Любовь поэтов Серебряного века - Нина Щербак 5 стр.


Цветаева искренне верила, что своими заклинаниями, своей верностью она спасла жизнь Сергею, но семейная жизнь оказалась очень непростой. Неустроенный быт стал для Цветаевой настоящей Голгофой. Необходимо было стирать, готовить, выгадывать на рынках дешевую еду, латать прохудившуюся одежду. «Живу домашней жизнью, той, что люблю и ненавижу, – нечто среднее между колыбелью и гробом, а я никогда не была ни младенцем, ни мертвецом», – писала она в письме одному из своих корреспондентов. Но это было лишь начало. В Чехии она пережила страстную и мучительную любовь к другу Сергея, Константину Родзевичу. Радостный, уверенный, земной Родзевич покорил Цветаеву, увидев в ней не поэта, а просто женщину. Он, по-видимому, мало понимал ее стихи, не стремился быть тоньше и значительнее, чем есть на самом деле, всегда оставался собой. «Я сказала Вам: есть – Душа. Вы сказали мне: есть – Жизнь». Ему посвящена одна из самых пронзительных поэм Цветаевой – «Поэма конца».
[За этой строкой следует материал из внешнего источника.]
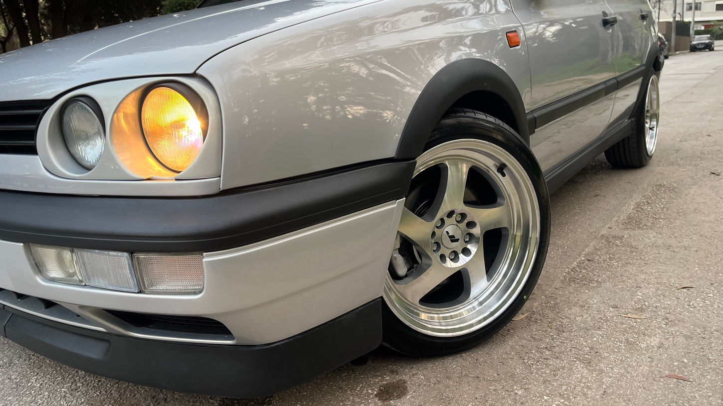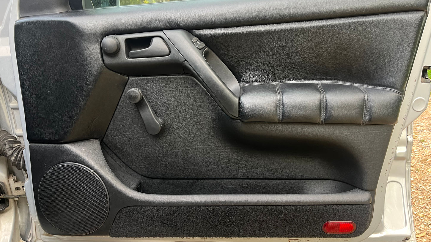 The exterior has been refinished with a full paint job, giving the silver bodywork a clean and uniform appearance. Period-inspired upgrades include ABT headlights, Hella smoked rear lights, and Cup-style mirrors, all of which contribute to a subtle yet purposeful look. The car sits on 17-inch JR wheels and benefits from a VR6-spec suspension setup with Bilstein components, providing an improved stance and handling while maintaining a cohesive OEM-plus aesthetic.
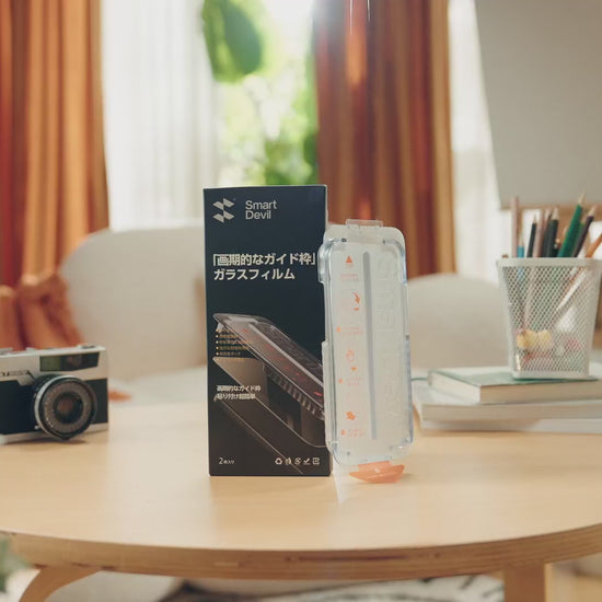 - 【最新なデザインのガイド枠】2ステップだけで簡単に貼り付け!ガイド枠をスマホに被せて、ホコリ除去シートを引っ張ると貼り付け完了です!
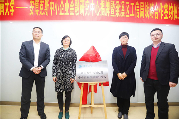 【中国江苏网3月16日】3月16日下午,江南大学-安博克斯中小企业金融研究中心(以下简称研究中心)揭牌暨梁溪区工信局战略合作签约仪式在江南大学隆重举行。会上,梁溪区工信局与新成立的研究中心签订首个战略合作协议。梁溪区工业和信息化局局长秦如平,校方、企业方负责人出席会议。
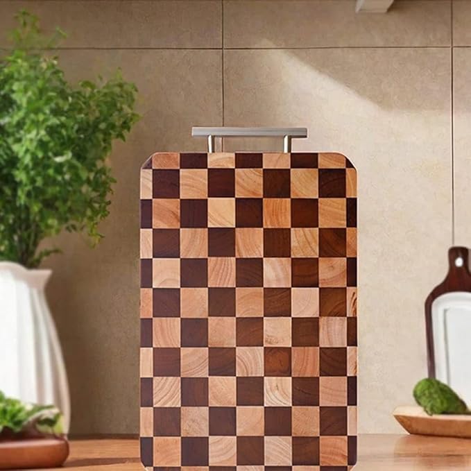 Generic - لوح تقطيع من خشب الساج للمطبخ، لوح تقطيع خشبي كبير بمقابض غير مرئية، للحوم والخضروات والفواكه والخبز والجبن، 24 × 37 سم

Были и другие увлечения. В Праге Цветаева прочитала рецензию Александра Бахраха на свою книгу «Ремесло», а 9 июня 1923 года написала ему первое письмо:

«Я не знаю, кто ВЫ, я ничего не знаю о Вашей жизни, я Вами совершенно свободна, я говорю с духом… Я хочу от Вас – чуда. Чуда доверия, чуда понимания, чуда отрешения. Я хочу, чтобы Вы, в свои двадцать лет, были семидесятилетним стариком – и одновременно семилетним мальчиком, я не хочу возраста, счета, борьбы, барьеров… У меня так много слов… Это волшебная игра. Это полное va banque[3] – чего? – и вот задумалась: не сердца, оно слишком малое в моей жизни! – может быть, его у меня вовсе нет, но есть что-то другое, и его много, чего никогда не истрачу, – душа? Не знаю, как его зовут, но, кроме него, у меня нет ничего…»

20 сентября было снова письмо к Бахраху, уже совершенно другое:

«Мой дорогой друг, соберите все свое мужество в две руки и выслушайте меня: что-то кончено. Теперь самое тяжелое сделано, слушайте дальше. Я люблю другого – проще, грубее и правдивее не скажешь».

И уже 22 сентября снова письмо Цветаевой Родзевичу:

«…Арлекин! – так я Вас окликаю. Первый Арлекин за жизнь, в которой не счесть – Пьеро! Я в первый раз люблю счастливого и, может быть, в первый раз ищу счастья, а не потери, хочу взять, а не дать, быть, а не пропасть! Я в Вас чувствую силу, этого со мной никогда не было. Силу любить не всю меня – хаос, – а лучшую меня, главную меня. Я никогда не давала человеку права выбора: или все – или ничего, но в этом все – как в первозданном хаосе – столько, что немудрено, что человек пропадал в нем, терял себя и в итого меня».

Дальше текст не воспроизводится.